The effects include an increased risk of physical and mental health issues in adulthood along with trouble forming healthy, stable relationships, she said. “We also know that a disproportionate number of teens and adults involved with the justice system have childhood histories of trauma that were probably never treated,” Campbell said.
She said that, just like adults, children can develop a sense of shame or guilt around their trauma, especially if it involves some kind of abuse or assault. “They may believe there is something wrong with me or I’m damaged and carry that with them.”

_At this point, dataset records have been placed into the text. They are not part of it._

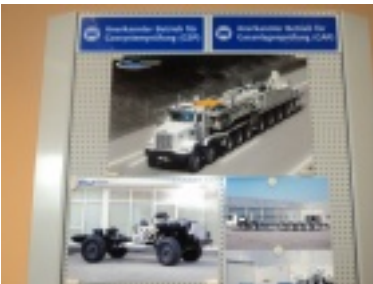
11.jpg (94.06 kB)
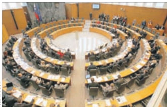
Državni zbor bo o mandatarju vnovič odločal v soboto, 28. januarja.
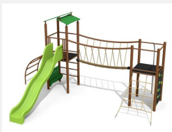
BS.100.MC Paysage à grimper 1 métal steel
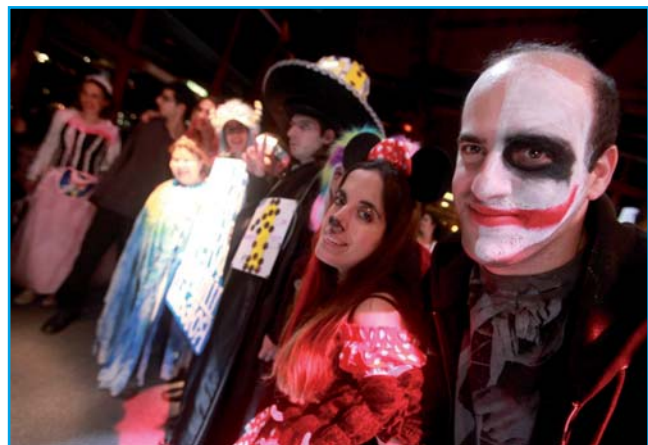
באדר מרבים בשמחה. מסיבת פורים ענקית, עם תחרות תחפושות מסורתית, מופע מבדר, מוזיקה וריקודים. תודה ל"עדה על המים" שאירחו אותנו בנדיבות רבה.
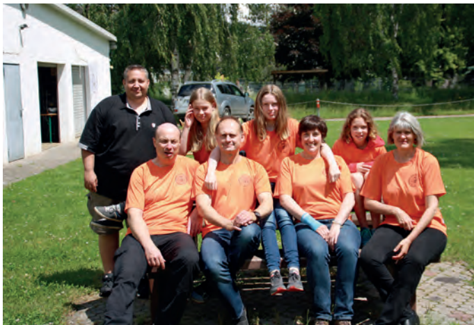
Der 1. TSC Bathyscaphe stellt sich vor

Am kommenden Sonntag, dem 17. Juli findet anlässlich des vierzigjährigen Jubiläums der Stadtwerke das Freibadfest im SaSch statt, bei welchem wir als Verein vertreten sein werden. Geplant sind neben der Präsentation der Leistungssportart Finswimming auch Mitmach-Aktionen zum Apnoe- und Gerätetauchen. Wer also das Flossenschwimmen bzw. Tauchen mal ausprobieren möchte, kommt einfach vorbei. Das Programm -inklusive Zeitplan- ist vor Ort erhältlich. Wir würden uns freuen. Infos unter: www.bathyscaphe.de
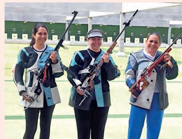
XX JUEGOS BOLIVARIANOS AYACUCHO-LIMA 2025

FLAMENGO Y PALMEIRAS AMBOS BRASILEÑOS DISPUTAN ESTA TARDE EL TÍTULO DE LA COPA LIBERTADORES EN EL MONUMENTAL.

Symptoms of PTSD could develop, causing a snowball effect that could disrupt their education and interactions with other children. In Pennsylvania, there has been an increase in attention to trauma in children in schools and the juvenile justice system as people are starting to realize the long-term effects.
Safety is key
If an adult suspects a child is suffering from PTSD, it is important to provide a sense of safety rather than react with anger, frustration or punishment toward the child or the cause of the trauma.
Instinct suggests that asking a child to talk about what happened would be too difficult for them or would make the situation worse, Campbell said. But healing can occur if the child is placed in a safe and supportive environment that encourages them to share.
“This takes time and more than words,” Campbell said. “It’s also important to realize that, regardless of what the child has been through, he or she still needs structures, limits and consequences. In fact, these help a child to feel safe.”
If a child is struggling with a traumatic event, the best thing to do is to find a therapist who specializes in working with children and trauma. The most widely researched therapy is Trauma-Focused Cognitive Behavioral Therapy, which involves helping the child develop specific coping skills, talk about the traumatic event and learn safety skills. This can be tricky.
“A 5-year-old isn’t likely to sit on the couch and talk,” Campbell said. “Therapists have to be very creative in finding ways to make therapy engaging for the child. But just like therapy with adults, creating a safe space and a trusting therapy relationship is critical. One thing I love about working with kids is knowing that by intervening early, while they are still young, we can make a huge difference in their futures.”
Understanding what the symptoms look like in a child
When encountering a child that may be acting out or shutting down, all caregivers should stop and consider whether the child has been trauma-impacted. It should be the first question we ask when we suspect that something may not be quite right. Understanding this reality could make a such impact in their capacity and future growth.